Your reply should reproduce the data below without a single alteration, apart from dropping the images.

■ DATA EXCERPT ■
***

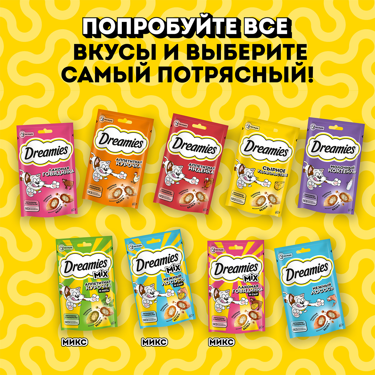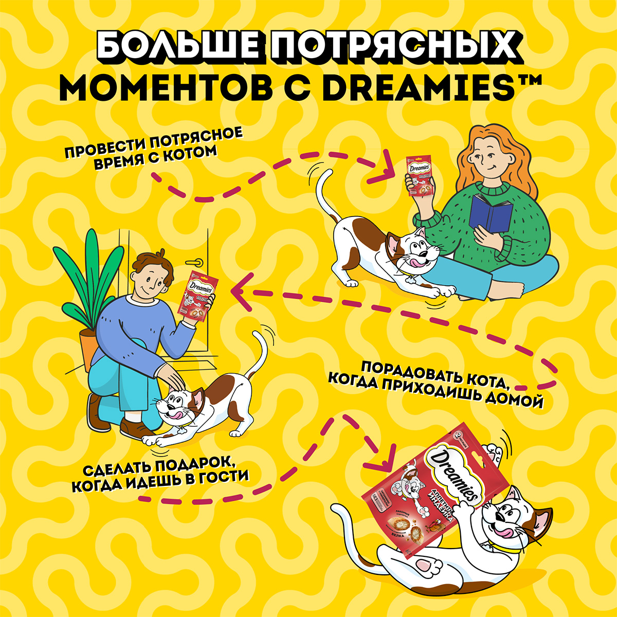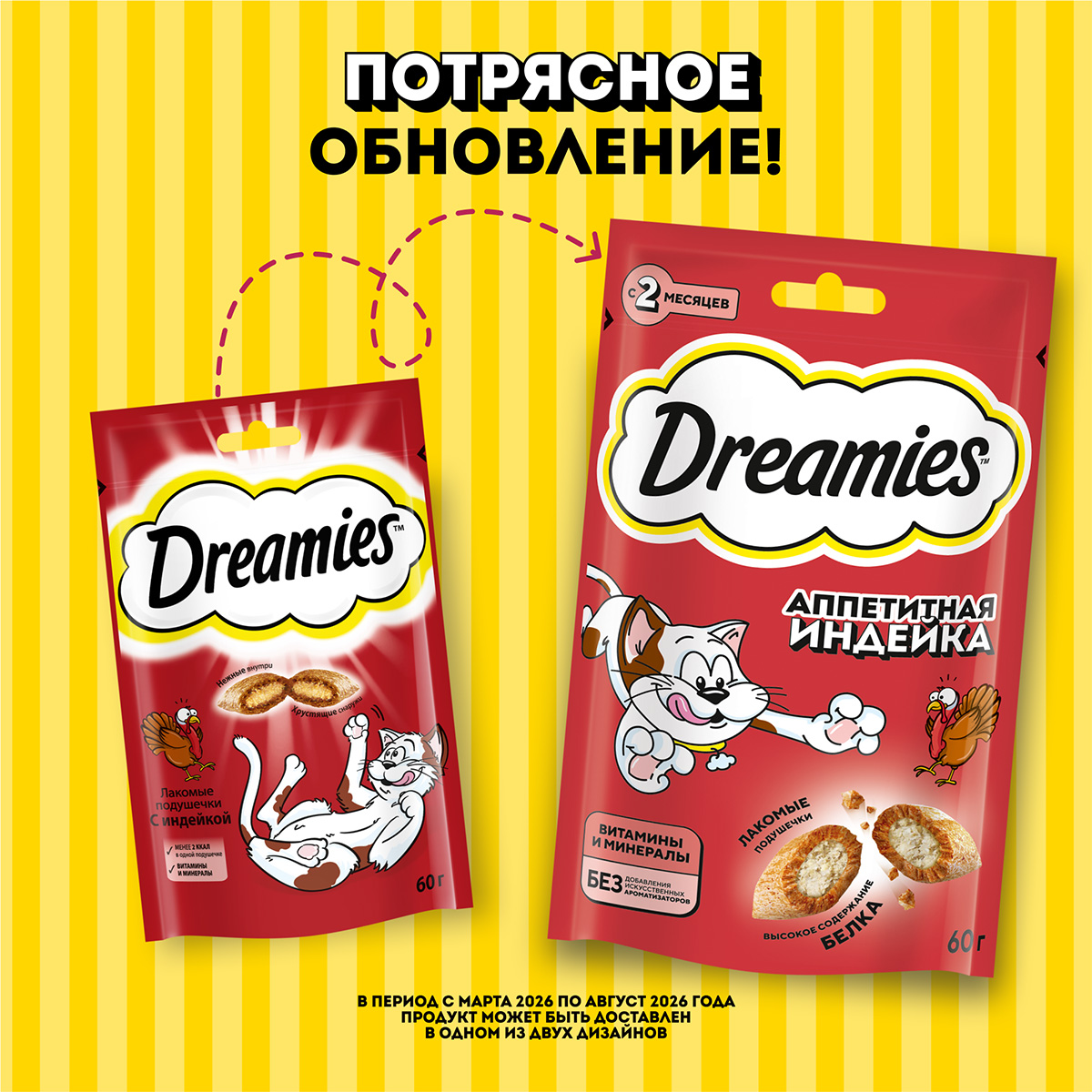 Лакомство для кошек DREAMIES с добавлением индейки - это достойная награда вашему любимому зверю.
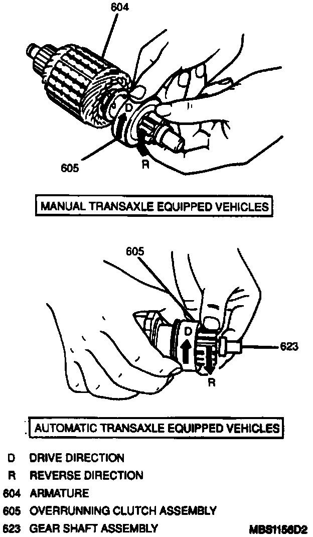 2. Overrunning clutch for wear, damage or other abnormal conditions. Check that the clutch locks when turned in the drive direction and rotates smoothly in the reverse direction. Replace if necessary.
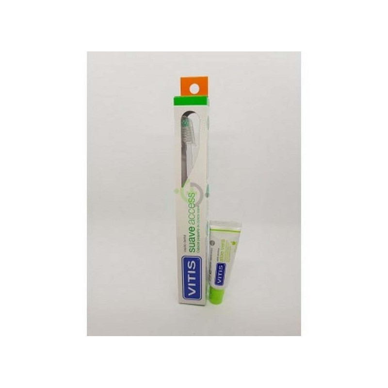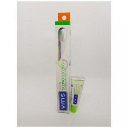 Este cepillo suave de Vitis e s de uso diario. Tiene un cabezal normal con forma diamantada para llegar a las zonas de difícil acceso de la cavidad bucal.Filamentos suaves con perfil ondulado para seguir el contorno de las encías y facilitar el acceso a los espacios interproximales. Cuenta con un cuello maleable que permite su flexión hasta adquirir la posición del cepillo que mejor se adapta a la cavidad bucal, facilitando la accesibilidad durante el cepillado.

***

■ ANSWER TO THIS PROBLEM ■
 Лакомство для кошек DREAMIES с добавлением индейки - это достойная награда вашему любимому зверю.
 2. Overrunning clutch for wear, damage or other abnormal conditions. Check that the clutch locks when turned in the drive direction and rotates smoothly in the reverse direction. Replace if necessary.
 Este cepillo suave de Vitis e s de uso diario. Tiene un cabezal normal con forma diamantada para llegar a las zonas de difícil acceso de la cavidad bucal.Filamentos suaves con perfil ondulado para seguir el contorno de las encías y facilitar el acceso a los espacios interproximales. Cuenta con un cuello maleable que permite su flexión hasta adquirir la posición del cepillo que mejor se adapta a la cavidad bucal, facilitando la accesibilidad durante el cepillado.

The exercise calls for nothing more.